Domain Driven Design
Modeling based on author's perspective

Entity Description
Business Process Ordered workflow of activities that produce business value and define functional requirements.
Problem Concrete business constraint or requirement that drives solution design and acceptance criteria.
Domain Area of expertise and rules the system must represent and enforce.
Sub-Domain Scoped portion of the domain with its own responsibilities and business rules.
Core Domain Strategic sub-domain containing the primary differentiating logic and competitive advantage.
Supporting Domain Sub-domain that enables core capabilities but is not the main source of differentiation.
Generic Domain Reusable, commodity functionality that can be implemented with off-the-shelf solutions.
Bounded Context Explicit boundary where a single model and vocabulary are authoritative and consistent.

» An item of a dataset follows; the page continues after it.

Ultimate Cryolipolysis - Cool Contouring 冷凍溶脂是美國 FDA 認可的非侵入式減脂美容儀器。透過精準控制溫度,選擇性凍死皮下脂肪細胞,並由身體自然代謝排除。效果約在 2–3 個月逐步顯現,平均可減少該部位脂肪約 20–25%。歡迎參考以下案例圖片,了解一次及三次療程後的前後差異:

Domain Model Structured set of concepts, invariants, and relationships used to implement domain logic.
Ubiquitous Language Shared, precise vocabulary used by developers and domain experts to avoid ambiguity.

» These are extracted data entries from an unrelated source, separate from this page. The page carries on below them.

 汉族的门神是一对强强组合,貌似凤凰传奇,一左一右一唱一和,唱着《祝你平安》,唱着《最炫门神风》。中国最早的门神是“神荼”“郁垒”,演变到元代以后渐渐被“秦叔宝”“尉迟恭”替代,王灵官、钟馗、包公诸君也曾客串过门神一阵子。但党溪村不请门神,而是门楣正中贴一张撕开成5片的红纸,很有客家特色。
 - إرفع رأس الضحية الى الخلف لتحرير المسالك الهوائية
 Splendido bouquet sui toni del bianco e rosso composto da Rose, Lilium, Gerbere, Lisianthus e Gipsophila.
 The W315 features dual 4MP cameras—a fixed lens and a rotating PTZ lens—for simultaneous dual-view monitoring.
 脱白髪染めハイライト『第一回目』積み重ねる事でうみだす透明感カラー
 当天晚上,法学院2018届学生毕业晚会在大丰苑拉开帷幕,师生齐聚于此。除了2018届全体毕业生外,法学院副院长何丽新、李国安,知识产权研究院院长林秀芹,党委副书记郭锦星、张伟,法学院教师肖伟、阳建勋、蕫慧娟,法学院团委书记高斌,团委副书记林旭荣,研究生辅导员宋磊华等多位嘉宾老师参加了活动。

Parts Collection of model elements (messages, entities, value objects, services) composing the design.
Message Typed payload used for commands, events, or integration between components or contexts.
Entity (domain entity) Mutable object with a stable identity and lifecycle, encapsulating state and behavior.

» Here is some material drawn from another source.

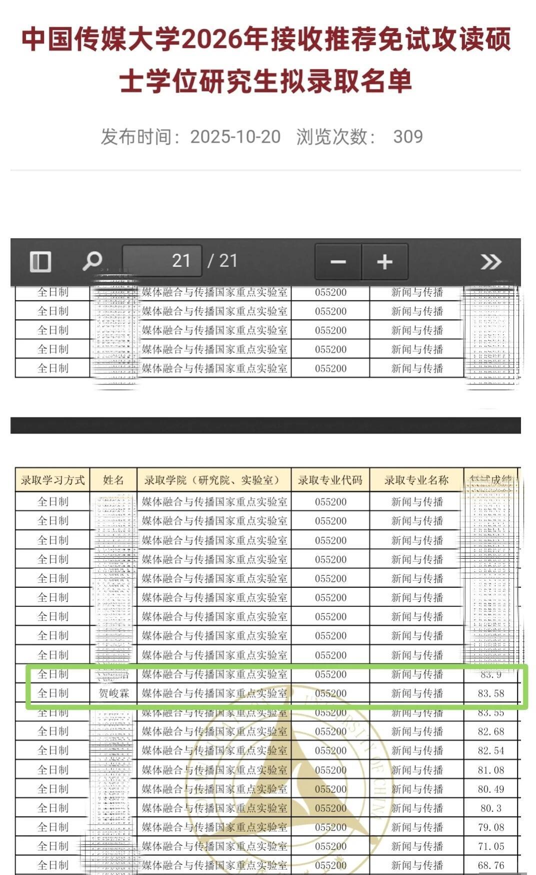 学校的主动背书,加上他实打实的绩点、复试成绩和实践经历(比如央视《中国电影报道》实习主播、北京国际电影节主持人等),就能堵上了所有质疑的嘴。
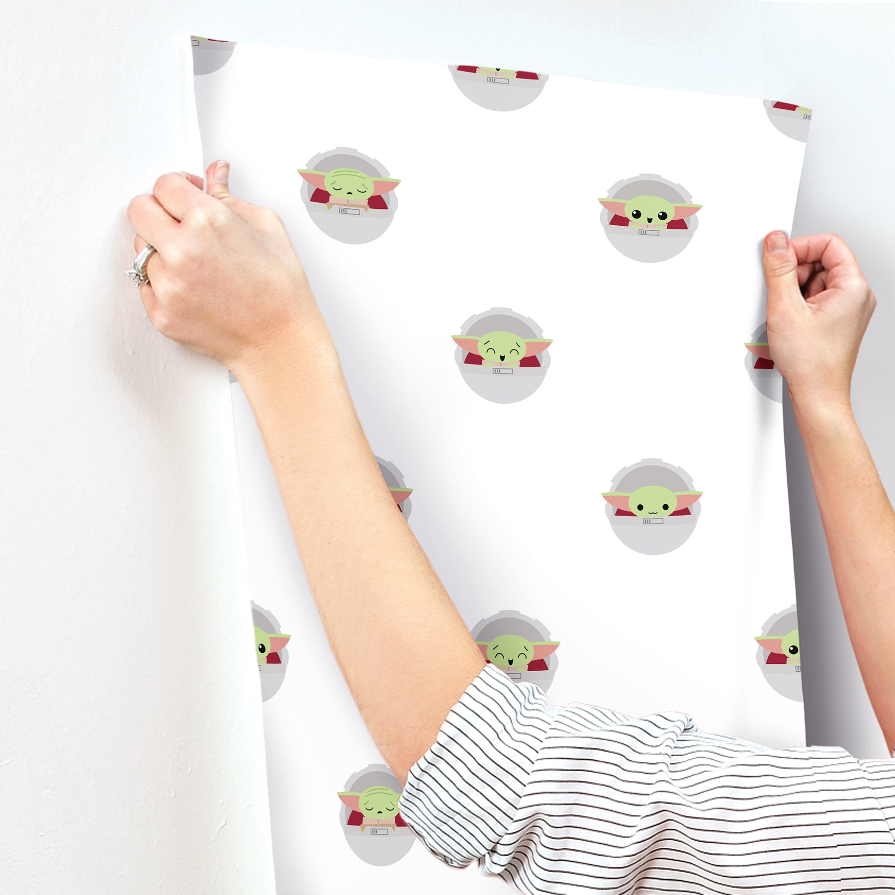 Use:Calling all Mandalorian fans! The Force is extremely strong with this officially-licensed Grogu? Peel and Stick Wallpaper. Deck out your walls with Grogu? and his many facial expressions in as little as Peel, Stick...Done!? Cute as can be, this peel and stick wallpaper is perfect for any nursery or bedroom!

Object General conceptual element representing a thing with attributes and operations.
Value Object Immutable type defined by its attributes; equality by value, no identity required.
Service Stateless operation encapsulating domain logic that does not naturally belong to an entity.
Inter-Context Relationship Pattern describing integration, ownership, and data flow between separate bounded areas.
Partnership Collaborative integration where contexts coordinate and share responsibilities.
Customer/Supplier Asymmetric contract: one context requests functionality and another provides it.
Open-Host Service Public service interface offered by a provider context for consumption by others.
Anti-Corruption Layer Translation/adaptation layer that isolates a context from incompatible external models.
Conformist Integration approach where a context accepts and uses another context's model without translation.
Shared Kernel Small, jointly maintained subset of the model shared to ensure consistency across contexts.
Separate Ways Independent evolution: contexts remain decoupled and do not integrate operationally.

Treat these definitions as implementation primitives: use them to standardize vocabulary, drive interface contracts, and reduce coupling between teams and services.